◆ DATA BLOCK ◆

- - - -

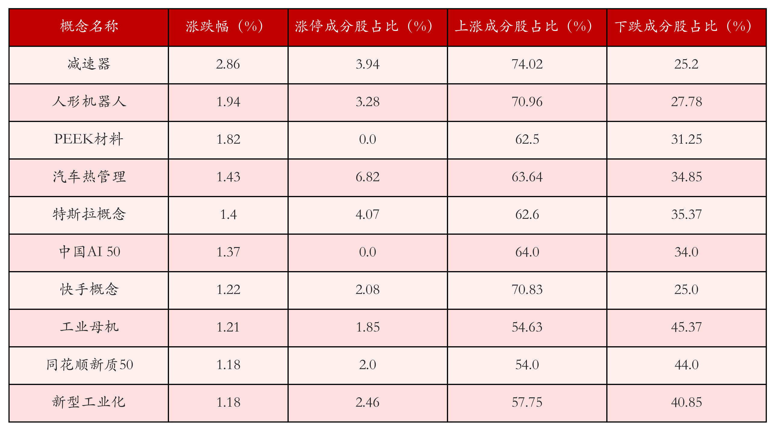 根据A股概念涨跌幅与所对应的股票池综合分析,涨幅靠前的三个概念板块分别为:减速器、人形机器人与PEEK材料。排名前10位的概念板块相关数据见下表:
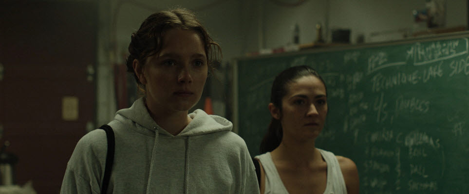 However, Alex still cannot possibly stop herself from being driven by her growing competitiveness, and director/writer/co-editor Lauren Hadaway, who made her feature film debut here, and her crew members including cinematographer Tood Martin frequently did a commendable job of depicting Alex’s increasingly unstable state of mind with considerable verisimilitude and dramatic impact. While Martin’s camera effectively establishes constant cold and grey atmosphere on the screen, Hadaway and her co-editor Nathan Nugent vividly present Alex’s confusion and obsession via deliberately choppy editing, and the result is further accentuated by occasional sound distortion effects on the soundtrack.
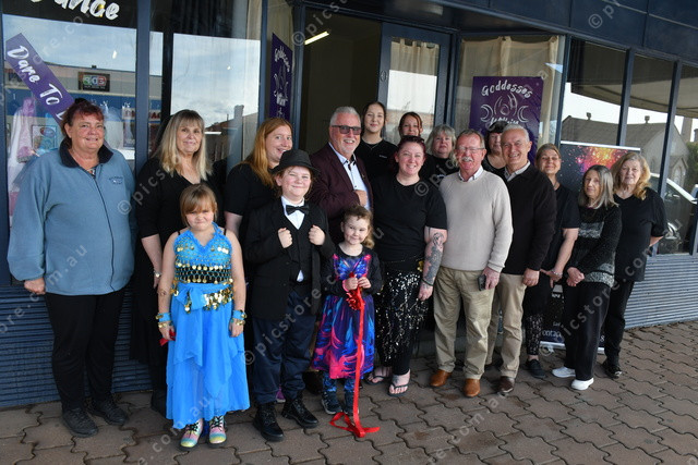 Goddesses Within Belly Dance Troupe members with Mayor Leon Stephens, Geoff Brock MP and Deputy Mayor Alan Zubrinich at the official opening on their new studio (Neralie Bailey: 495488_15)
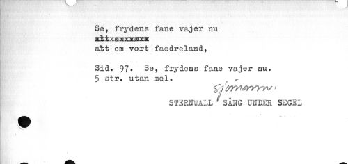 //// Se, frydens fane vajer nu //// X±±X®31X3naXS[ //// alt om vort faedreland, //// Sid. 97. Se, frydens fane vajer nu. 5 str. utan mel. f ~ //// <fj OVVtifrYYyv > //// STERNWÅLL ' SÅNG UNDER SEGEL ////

- - - -

◆ WORK TASK ◆
A faithful copy is needed of the lines from the one containing "Goddesses Within Belly" through the last line of the data above, with pictures left out.

◆ ANSWER SECTION ◆
 Goddesses Within Belly Dance Troupe members with Mayor Leon Stephens, Geoff Brock MP and Deputy Mayor Alan Zubrinich at the official opening on their new studio (Neralie Bailey: 495488_15)
 //// Se, frydens fane vajer nu //// X±±X®31X3naXS[ //// alt om vort faedreland, //// Sid. 97. Se, frydens fane vajer nu. 5 str. utan mel. f ~ //// <fj OVVtifrYYyv > //// STERNWÅLL ' SÅNG UNDER SEGEL ////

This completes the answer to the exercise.